===== Supplied material =====

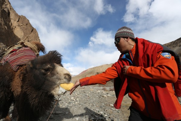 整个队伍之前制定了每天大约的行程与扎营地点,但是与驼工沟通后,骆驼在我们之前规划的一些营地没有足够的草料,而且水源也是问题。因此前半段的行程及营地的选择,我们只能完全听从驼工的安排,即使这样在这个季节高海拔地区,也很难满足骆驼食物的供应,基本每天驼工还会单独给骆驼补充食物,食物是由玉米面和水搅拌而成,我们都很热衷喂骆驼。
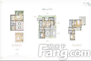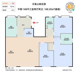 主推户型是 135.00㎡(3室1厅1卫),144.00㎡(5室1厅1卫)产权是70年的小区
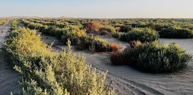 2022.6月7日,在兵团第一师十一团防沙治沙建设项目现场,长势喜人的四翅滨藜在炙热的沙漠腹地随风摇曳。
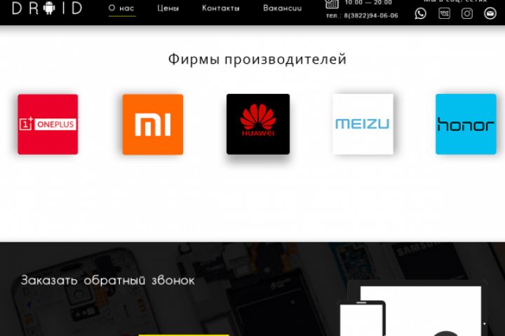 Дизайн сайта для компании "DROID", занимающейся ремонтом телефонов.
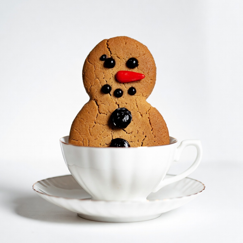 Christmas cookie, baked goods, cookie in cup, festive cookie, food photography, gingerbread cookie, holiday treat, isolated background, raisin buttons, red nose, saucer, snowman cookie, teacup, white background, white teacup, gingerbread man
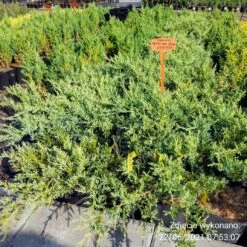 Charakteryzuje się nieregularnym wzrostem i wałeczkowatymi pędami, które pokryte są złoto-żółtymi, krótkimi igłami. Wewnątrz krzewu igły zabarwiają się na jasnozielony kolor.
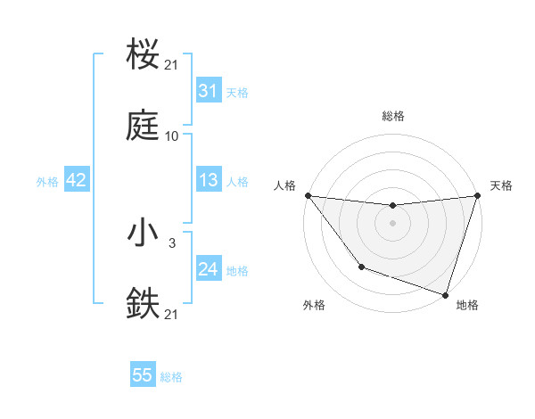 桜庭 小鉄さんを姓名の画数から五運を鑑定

=====

=== Work task ===
Make a verbatim copy of all the entries and strip out the pictures.

=== Your solution ===
 整个队伍之前制定了每天大约的行程与扎营地点,但是与驼工沟通后,骆驼在我们之前规划的一些营地没有足够的草料,而且水源也是问题。因此前半段的行程及营地的选择,我们只能完全听从驼工的安排,即使这样在这个季节高海拔地区,也很难满足骆驼食物的供应,基本每天驼工还会单独给骆驼补充食物,食物是由玉米面和水搅拌而成,我们都很热衷喂骆驼。
 主推户型是 135.00㎡(3室1厅1卫),144.00㎡(5室1厅1卫)产权是70年的小区
 2022.6月7日,在兵团第一师十一团防沙治沙建设项目现场,长势喜人的四翅滨藜在炙热的沙漠腹地随风摇曳。
 Дизайн сайта для компании "DROID", занимающейся ремонтом телефонов.
 Christmas cookie, baked goods, cookie in cup, festive cookie, food photography, gingerbread cookie, holiday treat, isolated background, raisin buttons, red nose, saucer, snowman cookie, teacup, white background, white teacup, gingerbread man
 Charakteryzuje się nieregularnym wzrostem i wałeczkowatymi pędami, które pokryte są złoto-żółtymi, krótkimi igłami. Wewnątrz krzewu igły zabarwiają się na jasnozielony kolor.
 桜庭 小鉄さんを姓名の画数から五運を鑑定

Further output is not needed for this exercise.